Hyperspectral imaging (HSI) is an important remote sensing data source that plays a crucial role in earth observation and environmental research. Compared to traditional color images, hyperspectral images provide richer spectral information by capturing the reflectance variations of objects in the visible and near-infrared bands, enabling precise identification and quantitative analysis of surface materials. Composed hundreds of contiguous narrow bands, hyperspectral images offer detailed spectral signatures, allowing differentiation of different materials with similar spectral characteristics.
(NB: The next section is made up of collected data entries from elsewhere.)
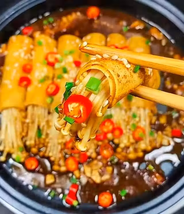 步驟三:鍋中燒油,把蒜末炒香,再把豆皮卷放進鍋中,倒入調好的料汁,咕嘟至入味,熟透再撒點芝麻、小米辣、蔥花即可出鍋。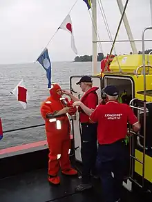 - Survival suit – Waterproof suit that protects the wearer from hypothermia from immersion in cold water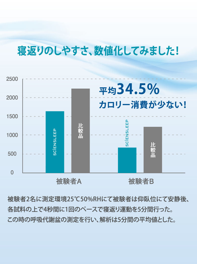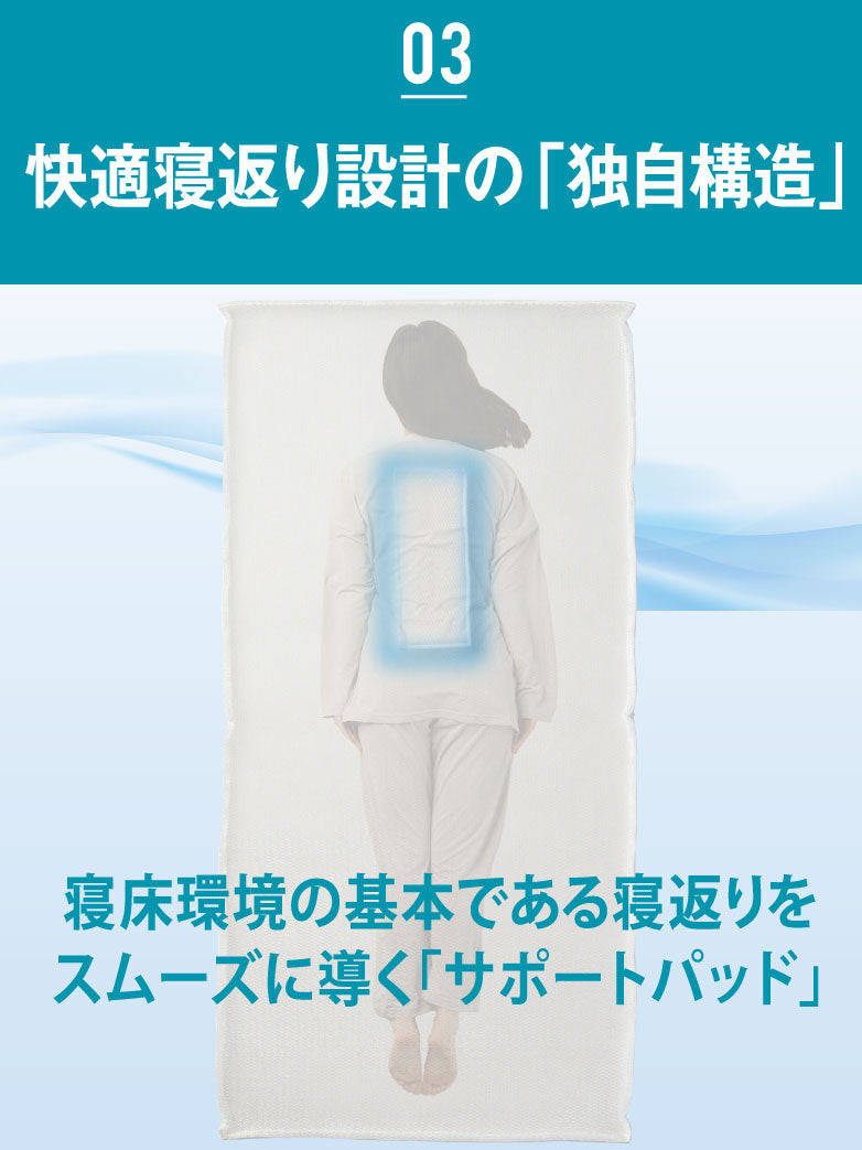 寝返りをスムーズに促す特殊パッドを配置。スッと転がるように動けるので、血流を妨げず、深い眠りをサポートします。

Furthermore, hyperspectral images find wide applications in environmental monitoring, geological exploration, urban planning, and disaster management.

Since the classification of each image in HSI plays an important role in these applications, a large number of HSI classification methods have been explored over the decades. Traditional HSI classification is usually based on spectral information only, so their classification accuracy is often unsatisfactory. With the development of deep learning, Convolutional Neural Networks (CNN) and other algorithms have made great progress in extracting spectral and spatial features, and have great room for development. According to the data from Web of Science, the number of papers with keywords "CNN" and "HSI" has increased year by year. In 2017, there were only 25 papers in this field, but in 2018 there were 58, in the following years 109, 117, 212, and in 2022, there were 283 papers a year[1].

CNNs are widely used in computer vision and image recognition areas, and they aim to simulate the processing of visual information to the human visual system. CNNs have demonstrated excellent performance in image processing tasks and are widely applied in image classification, object detection, facial recognition, and so on. Their strength lies in their ability to automatically learn feature representations from images and exhibit certain translational, rotational, and scale invariance. Additionally, CNNs can benefit from transfer learning and pre-trained models to accelerate the training process, making them essential tools in the field of computer vision today, as well as in HSI classification area. However, the increasingly mature hyperspectral imaging technology also brings new challenges to the task of hyperspectral image classification.

2. The difficulty of hyperspectral image classification

2.1. High complexity

The information reflected in the HSI spectrum dimension represents the reflectance of objects at different wavelengths, and this dimension often includes continuous spectral bands ranging from visible light to thermal infrared, totaling hundreds of bands. This results in high-dimensional spectral dimensions in current hyperspectral images, often reaching hundreds of bands, which leads to a large computational burden for hyperspectral image classification tasks [1]. It not only takes a long time but is also difficult to deploy on more devices due to the high redundancy. Therefore, before inputting hyperspectral image data into the classification network, some special processing is usually required on the original hyperspectral image, such as dimensionality reduction and band selection, to reduce useless information and improve classification efficiency.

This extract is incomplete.